> **Data for analysis**:
==================================================

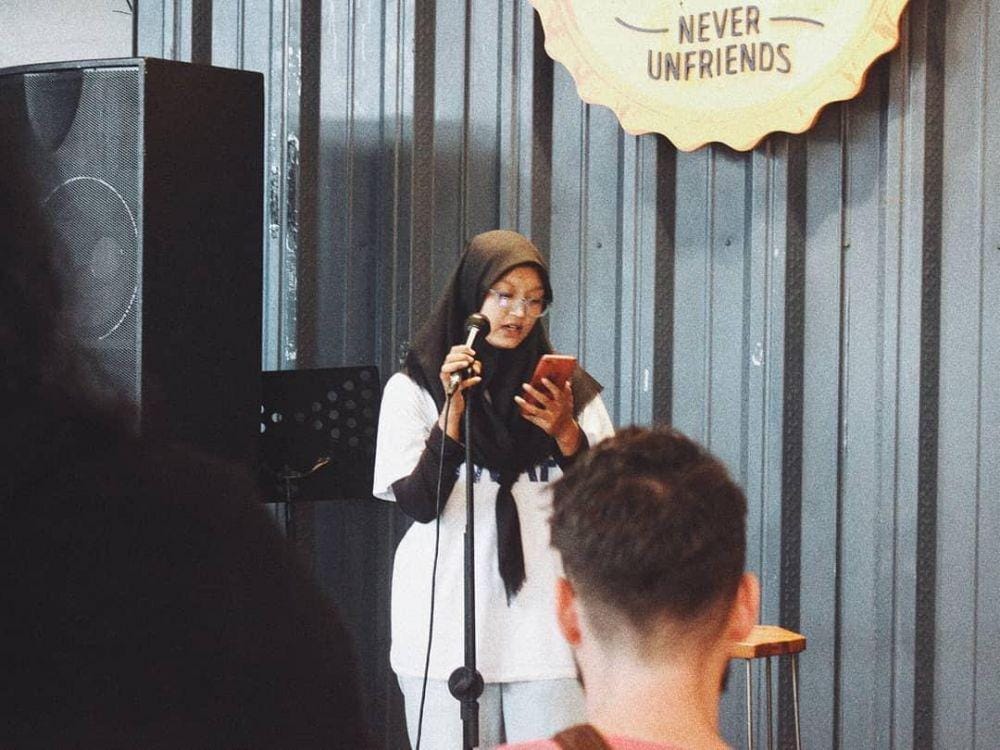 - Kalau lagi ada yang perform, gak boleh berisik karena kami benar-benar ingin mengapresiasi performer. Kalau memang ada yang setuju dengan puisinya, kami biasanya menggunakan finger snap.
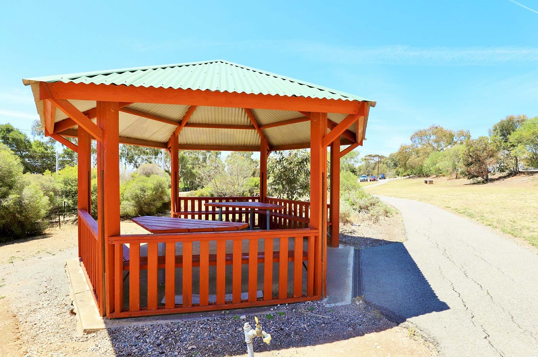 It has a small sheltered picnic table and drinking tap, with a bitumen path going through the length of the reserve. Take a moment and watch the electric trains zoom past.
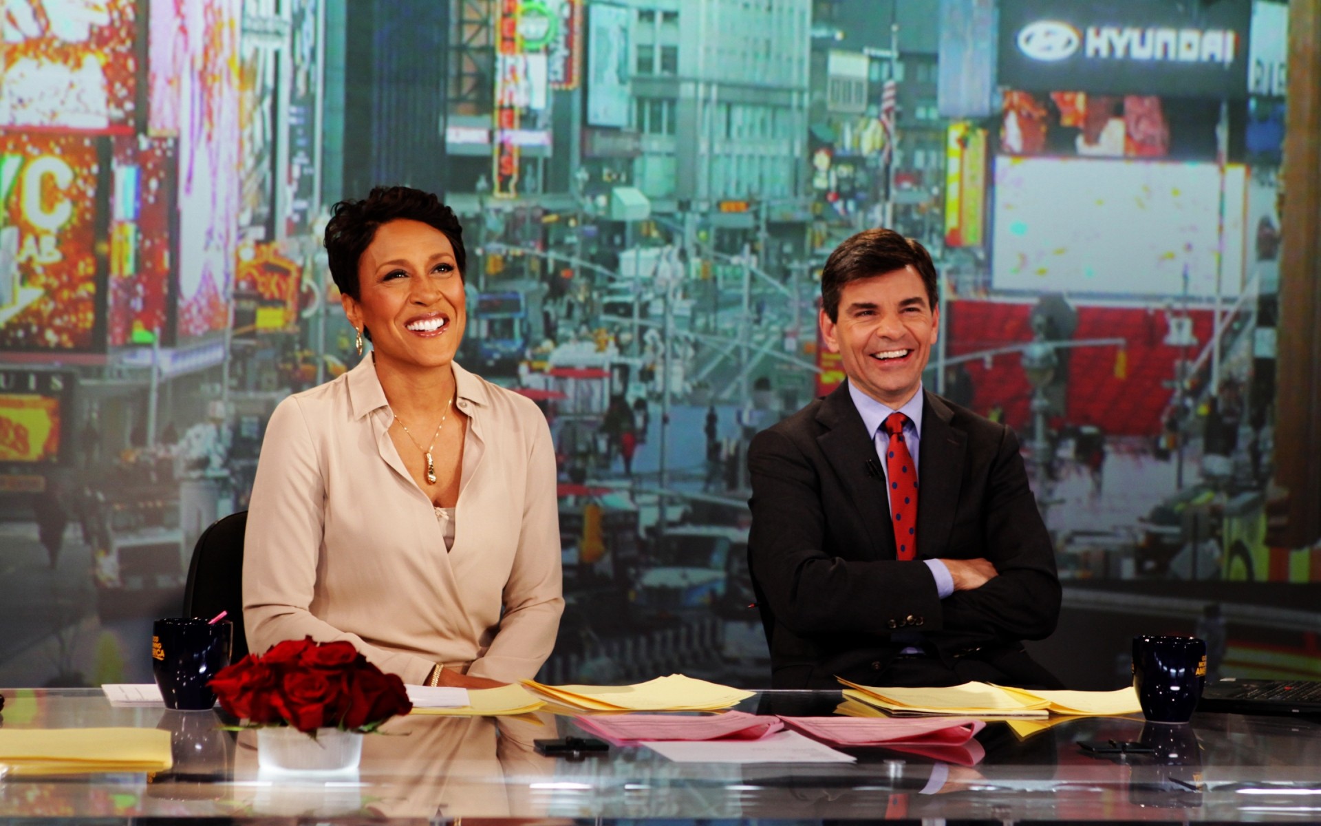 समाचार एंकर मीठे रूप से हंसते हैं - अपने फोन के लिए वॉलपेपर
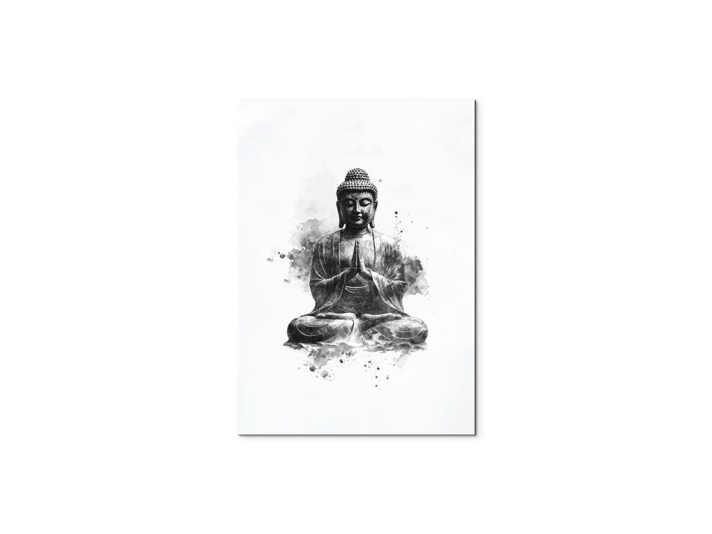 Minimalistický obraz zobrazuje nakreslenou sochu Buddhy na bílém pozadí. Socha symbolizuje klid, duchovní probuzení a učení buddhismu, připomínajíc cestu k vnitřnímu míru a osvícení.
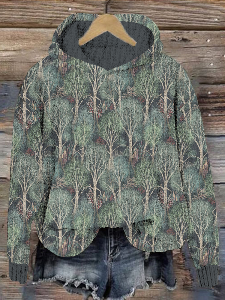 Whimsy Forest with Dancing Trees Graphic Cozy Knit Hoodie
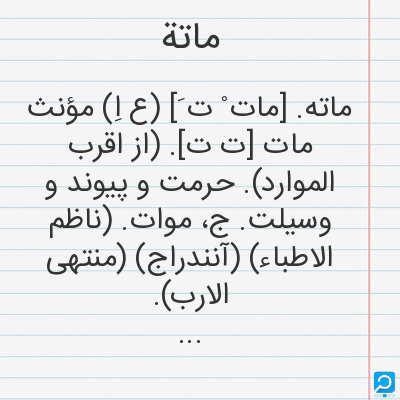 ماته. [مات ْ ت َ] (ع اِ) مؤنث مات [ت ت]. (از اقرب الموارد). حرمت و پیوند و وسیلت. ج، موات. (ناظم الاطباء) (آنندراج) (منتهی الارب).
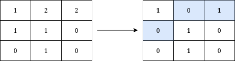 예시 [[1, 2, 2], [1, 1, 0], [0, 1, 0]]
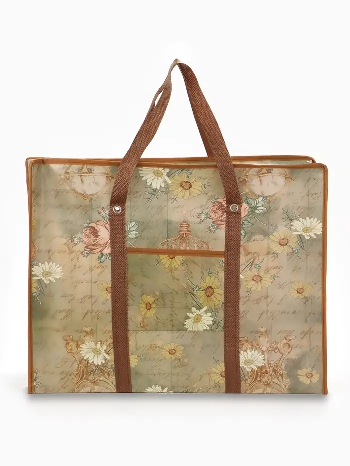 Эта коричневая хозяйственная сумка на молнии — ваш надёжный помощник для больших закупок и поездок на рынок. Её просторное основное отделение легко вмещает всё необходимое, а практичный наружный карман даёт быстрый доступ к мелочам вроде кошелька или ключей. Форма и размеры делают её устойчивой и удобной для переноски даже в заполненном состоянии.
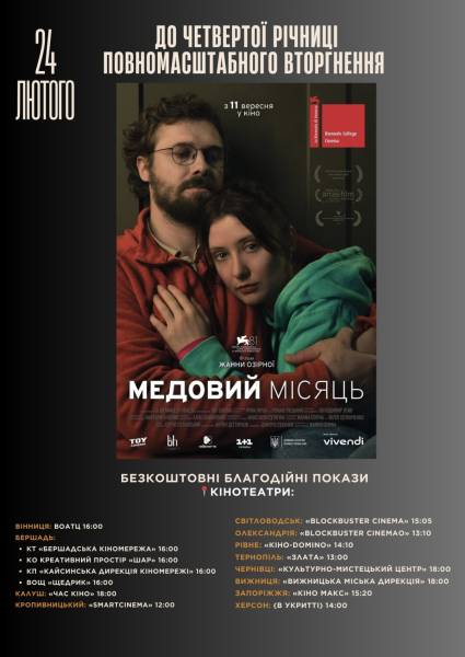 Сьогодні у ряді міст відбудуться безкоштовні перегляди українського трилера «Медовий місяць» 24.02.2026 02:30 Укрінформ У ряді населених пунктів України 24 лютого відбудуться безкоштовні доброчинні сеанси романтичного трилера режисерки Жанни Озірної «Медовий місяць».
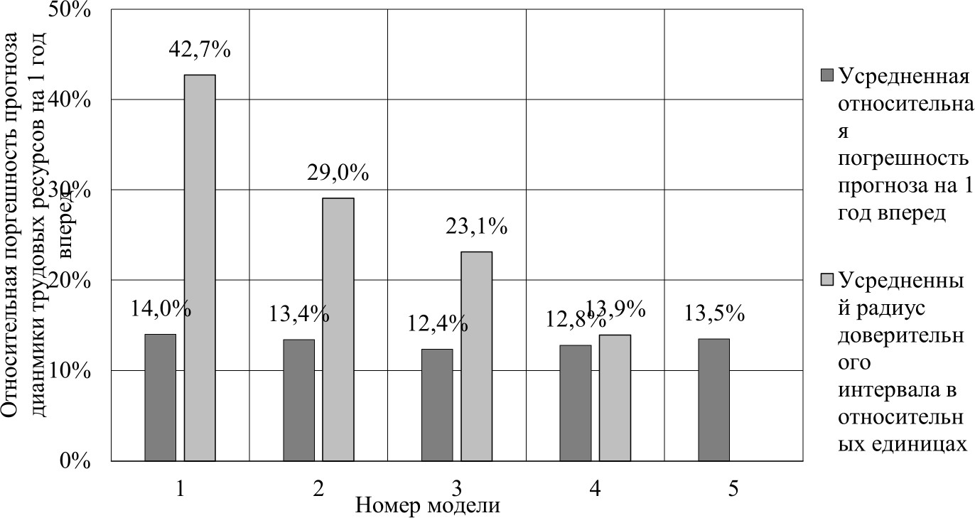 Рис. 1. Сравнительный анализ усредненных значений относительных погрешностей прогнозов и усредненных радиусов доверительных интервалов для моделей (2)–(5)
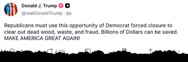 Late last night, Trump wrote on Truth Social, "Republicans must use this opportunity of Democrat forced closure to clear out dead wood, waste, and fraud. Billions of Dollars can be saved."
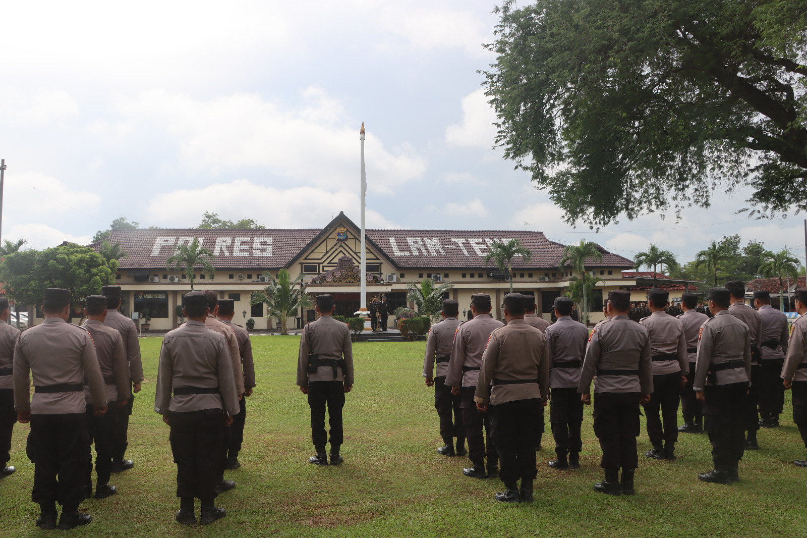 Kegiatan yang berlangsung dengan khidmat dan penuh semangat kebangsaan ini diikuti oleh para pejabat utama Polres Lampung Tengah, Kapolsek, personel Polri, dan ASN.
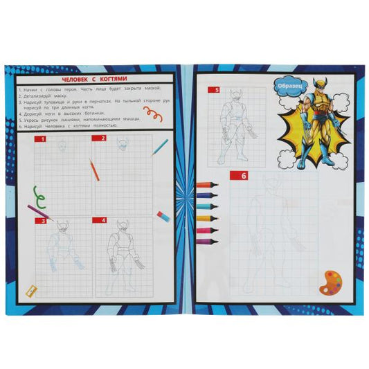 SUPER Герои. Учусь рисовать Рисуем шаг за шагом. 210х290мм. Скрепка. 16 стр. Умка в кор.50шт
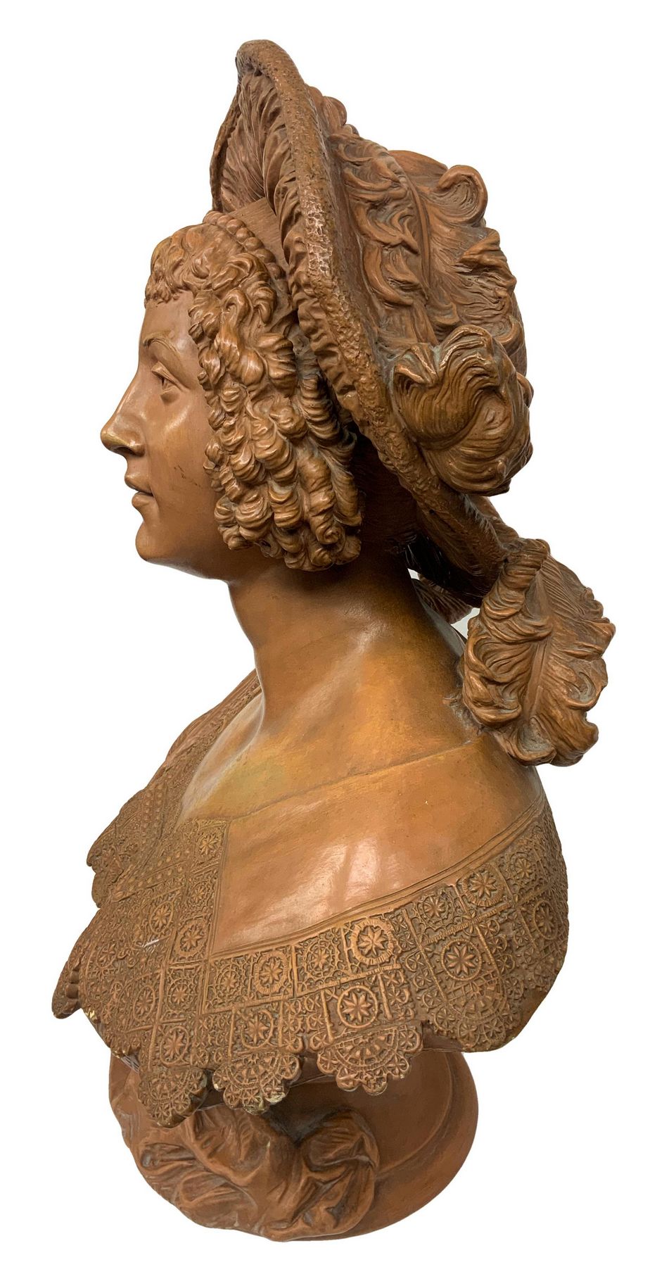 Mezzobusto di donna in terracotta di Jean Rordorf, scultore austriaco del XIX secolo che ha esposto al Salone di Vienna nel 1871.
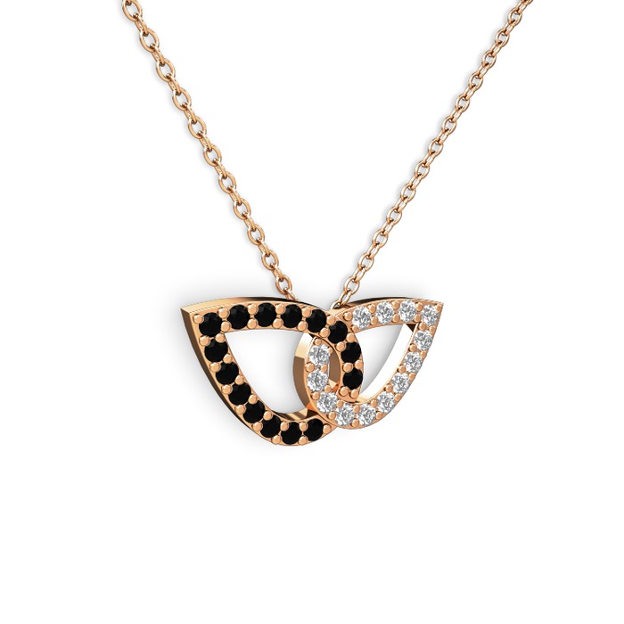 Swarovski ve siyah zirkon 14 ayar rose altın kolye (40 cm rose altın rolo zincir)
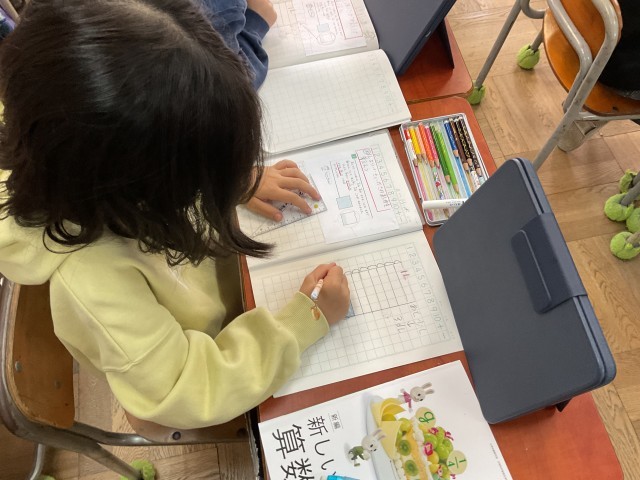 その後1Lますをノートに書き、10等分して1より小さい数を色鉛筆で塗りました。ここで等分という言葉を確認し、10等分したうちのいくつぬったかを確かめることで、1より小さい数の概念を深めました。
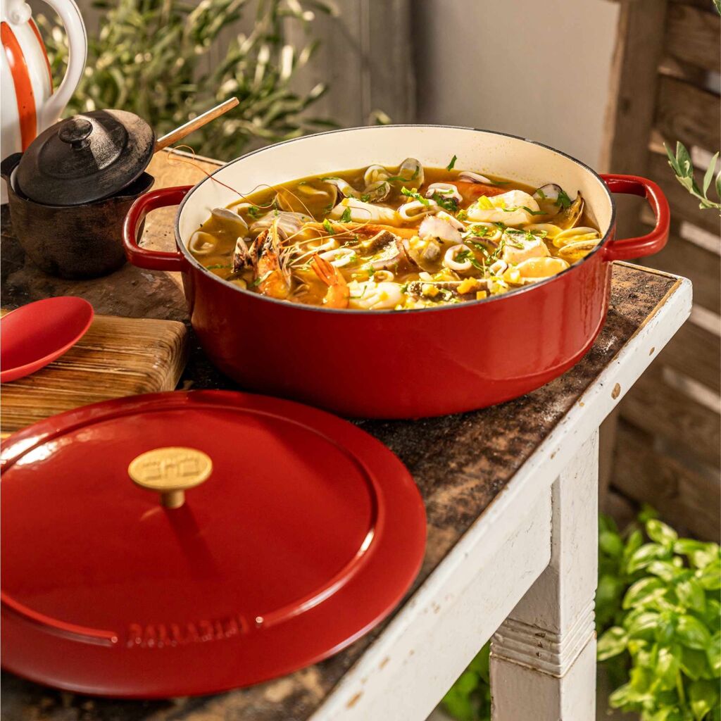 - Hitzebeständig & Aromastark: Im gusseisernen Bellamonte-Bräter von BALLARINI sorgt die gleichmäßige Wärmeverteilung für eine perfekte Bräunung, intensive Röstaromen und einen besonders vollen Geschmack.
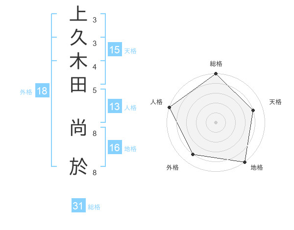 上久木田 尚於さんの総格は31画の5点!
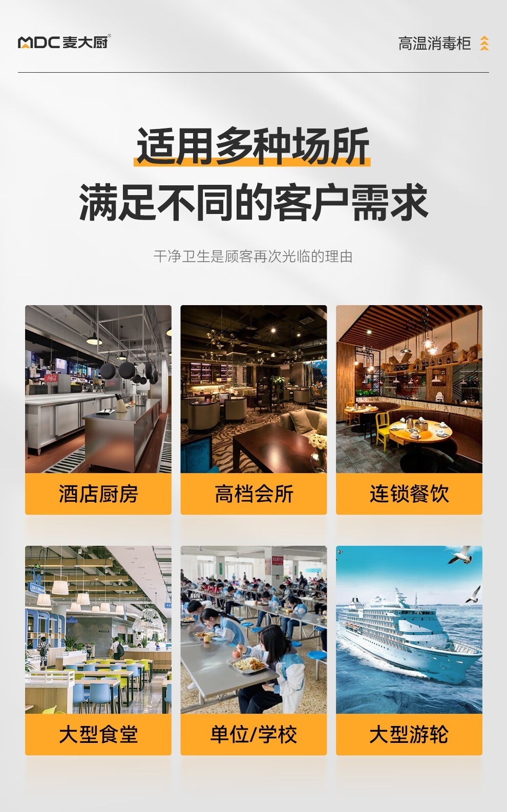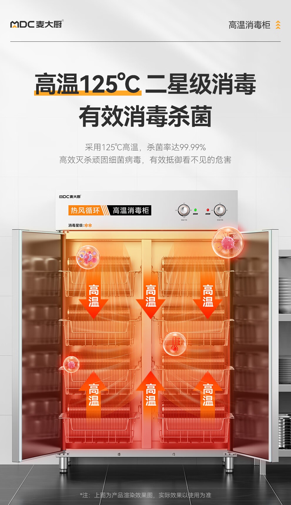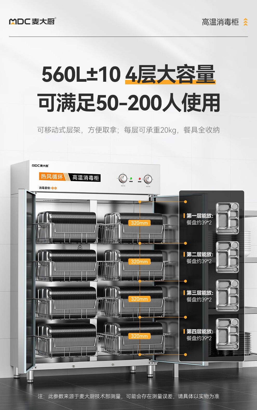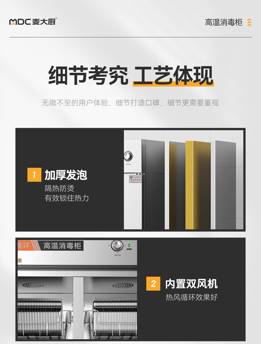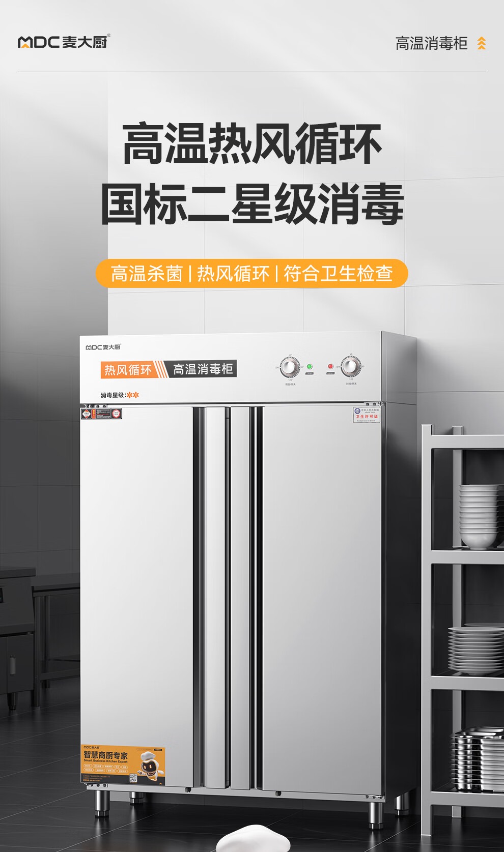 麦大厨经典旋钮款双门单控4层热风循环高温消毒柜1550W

==================================================

> **Task description**:
Restate the entire listing word for word, excluding pictures.

> **Expected output**:
 - Kalau lagi ada yang perform, gak boleh berisik karena kami benar-benar ingin mengapresiasi performer. Kalau memang ada yang setuju dengan puisinya, kami biasanya menggunakan finger snap.
 It has a small sheltered picnic table and drinking tap, with a bitumen path going through the length of the reserve. Take a moment and watch the electric trains zoom past.
 समाचार एंकर मीठे रूप से हंसते हैं - अपने फोन के लिए वॉलपेपर
 Minimalistický obraz zobrazuje nakreslenou sochu Buddhy na bílém pozadí. Socha symbolizuje klid, duchovní probuzení a učení buddhismu, připomínajíc cestu k vnitřnímu míru a osvícení.
 Whimsy Forest with Dancing Trees Graphic Cozy Knit Hoodie
 ماته. [مات ْ ت َ] (ع اِ) مؤنث مات [ت ت]. (از اقرب الموارد). حرمت و پیوند و وسیلت. ج، موات. (ناظم الاطباء) (آنندراج) (منتهی الارب).
 예시 [[1, 2, 2], [1, 1, 0], [0, 1, 0]]
 Эта коричневая хозяйственная сумка на молнии — ваш надёжный помощник для больших закупок и поездок на рынок. Её просторное основное отделение легко вмещает всё необходимое, а практичный наружный карман даёт быстрый доступ к мелочам вроде кошелька или ключей. Форма и размеры делают её устойчивой и удобной для переноски даже в заполненном состоянии.
 Сьогодні у ряді міст відбудуться безкоштовні перегляди українського трилера «Медовий місяць» 24.02.2026 02:30 Укрінформ У ряді населених пунктів України 24 лютого відбудуться безкоштовні доброчинні сеанси романтичного трилера режисерки Жанни Озірної «Медовий місяць».
 Рис. 1. Сравнительный анализ усредненных значений относительных погрешностей прогнозов и усредненных радиусов доверительных интервалов для моделей (2)–(5)
 Late last night, Trump wrote on Truth Social, "Republicans must use this opportunity of Democrat forced closure to clear out dead wood, waste, and fraud. Billions of Dollars can be saved."
 Kegiatan yang berlangsung dengan khidmat dan penuh semangat kebangsaan ini diikuti oleh para pejabat utama Polres Lampung Tengah, Kapolsek, personel Polri, dan ASN.
 SUPER Герои. Учусь рисовать Рисуем шаг за шагом. 210х290мм. Скрепка. 16 стр. Умка в кор.50шт
 Mezzobusto di donna in terracotta di Jean Rordorf, scultore austriaco del XIX secolo che ha esposto al Salone di Vienna nel 1871.
 Swarovski ve siyah zirkon 14 ayar rose altın kolye (40 cm rose altın rolo zincir)
 その後1Lますをノートに書き、10等分して1より小さい数を色鉛筆で塗りました。ここで等分という言葉を確認し、10等分したうちのいくつぬったかを確かめることで、1より小さい数の概念を深めました。
 - Hitzebeständig & Aromastark: Im gusseisernen Bellamonte-Bräter von BALLARINI sorgt die gleichmäßige Wärmeverteilung für eine perfekte Bräunung, intensive Röstaromen und einen besonders vollen Geschmack.
 上久木田 尚於さんの総格は31画の5点!
 麦大厨经典旋钮款双门单控4层热风循环高温消毒柜1550W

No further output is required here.